I'm curious to better understand this proposal.  If it means defining an
outer product that can take python binary functions as it's arguments, I
would argue that it would be incredibly inefficient (compared to native C),
and therefore might as well be implemented in python as a set of "helper"
functions.

If it means specifying only primitive binary arithmetic operations (like
"+" and "*") then I think that it could be implemented efficiently, but I
would really like to see some examples of where this would be useful (other
than matrix multiplication which will probably be done with special purpose
code for efficiency reasons anyway).

Of course general inner and outer products, as well as reduction,
should work with any binary operation, including user-defined
functions. And I agree that this is best done in Python. However, the
most important applications use only the built-in operations
(arithmetic, comparison, logical), so it would make sense to provide a
more efficient solution for them.

There are lots of applications for these things, as any APLer will
confirm.

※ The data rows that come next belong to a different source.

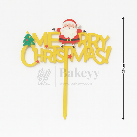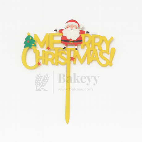 Merry Christmas with Santa and Tree Cake Topper | Golden Color | Christmas Decor | Pack of 5
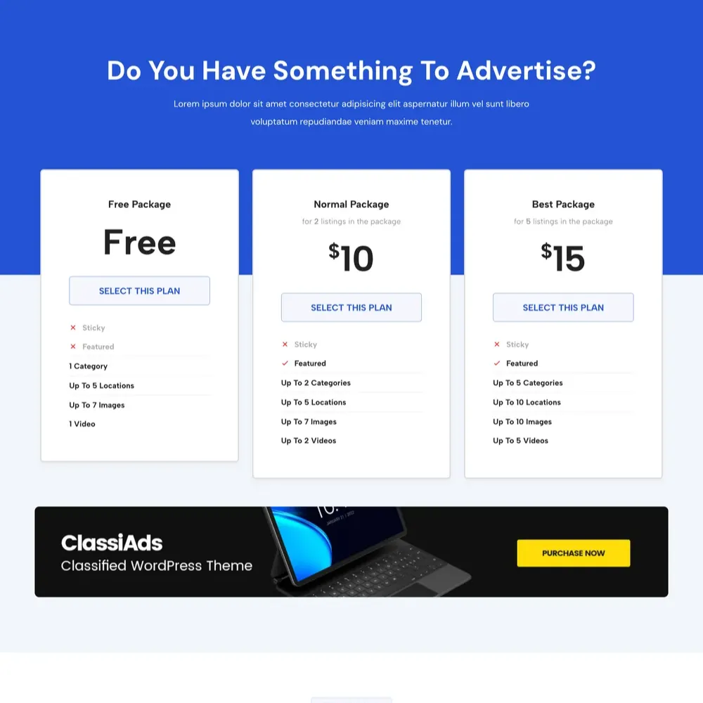 Ready Made Classified Website Design with Free Web Hosting
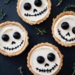 This Halloween Jack Skellington Ricotta Olive Tart recipe features a gluten-free tart crust filled with a creamy ricotta and Greek yogurt mixture, topped with black olives and sun-dried tomatoes arranged to create a spooky Jack Skellington face. Perfect as a festive appetizer or snack for Halloween gatherings, these mini tarts combine savory flavors with a creative, seasonal presentation.
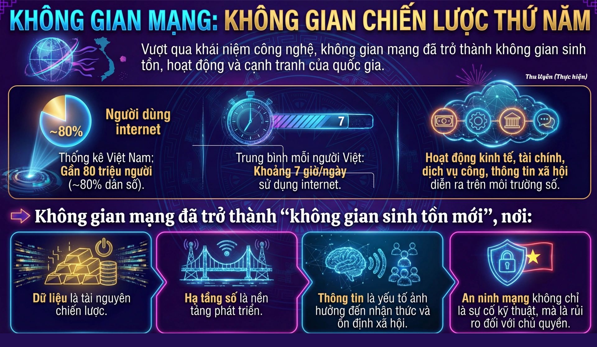 Bước sang năm 2026, chúng ta bước vào một giai đoạn mà không gian mạng đã trở thành “không gian chiến lược” gắn chặt với lợi ích quốc gia - dân tộc. Dữ liệu là tài nguyên mới, hạ tầng số là huyết mạch vận hành của Nhà nước, doanh nghiệp và đời sống xã hội; niềm tin số là điều kiện quyết định cho phát triển bền vững. Từ đó, bảo đảm an ninh mạng trở thành nhiệm vụ bảo vệ nền tảng của quản trị quốc gia, tăng trưởng kinh tế, trật tự xã hội và quyền, lợi ích chính đáng, hợp pháp của người dân trong kỷ nguyên số. Bảo đảm an ninh mạng phải tạo nền tảng thực hiện thắng lợi nhiệm vụ trọng tâm mà Nghị quyết Đại hội XIV của Đảng đã đề ra “xác lập mô hình tăng trưởng mới..., lấy khoa học, công nghệ, đổi mới sáng tạo và chuyển đổi số làm động lực chính”.
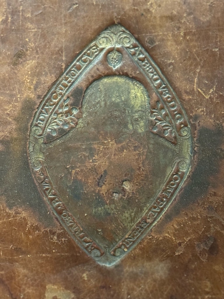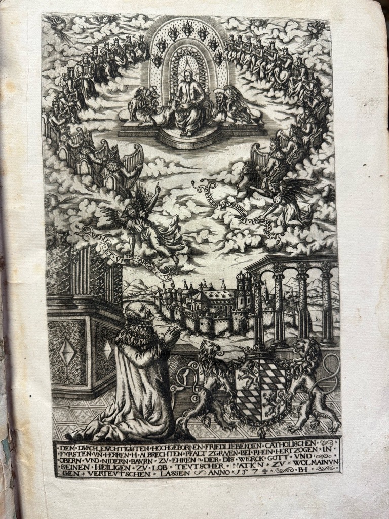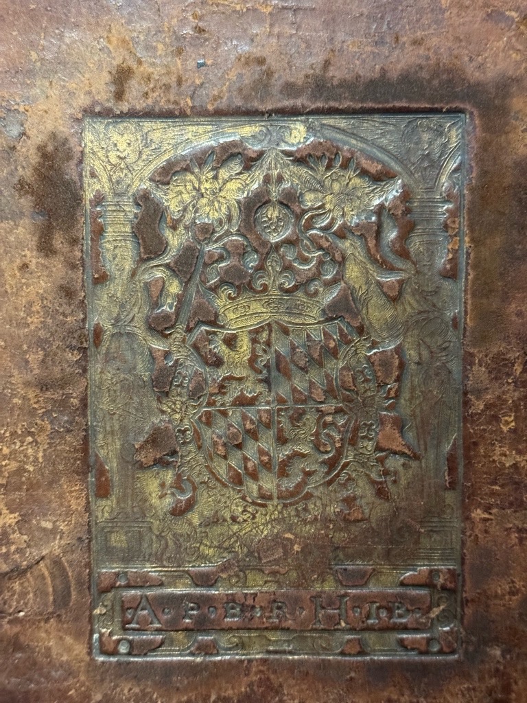 Wappeneinband Albrecht V. von Bayern und Widmung des Übersetzer Johann a Via.
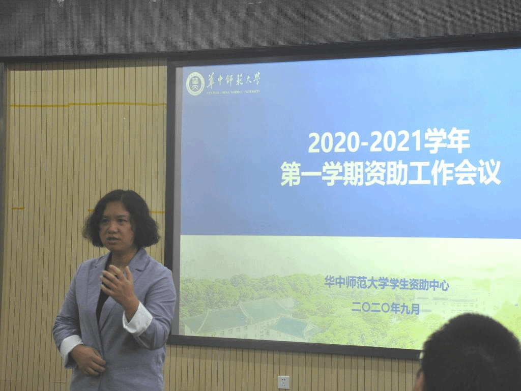 华中师范大学2020-2021学年第一学期资助工作专题会议于9月23日上午在行政楼二楼会议室召开。党委学生工作部副部长、学生资助中心主任吴建成出席了会议、各学院资助工作负责人以及学生资助中心成员参加了此次会议。会议由资助中心王贤磊老师主持。

Unfortunately I can't include any APL idioms here due to
character set restrictions :-( But let me give a simple example:
suppose you have an array of data values x (one-dimensional). You
want to make a cumulative histogram, i.e. an array of integers
n in which each entry n[i] indicates the number of values in x
that are larger than b[i], where b[i] is the value of each "bin"
in the histogram. This is just an outer product using >, followed
by a reduction with +:

n = reduce(lambda a,b: a+b, 1, outer_product(lambda a,b: a>b, x, b))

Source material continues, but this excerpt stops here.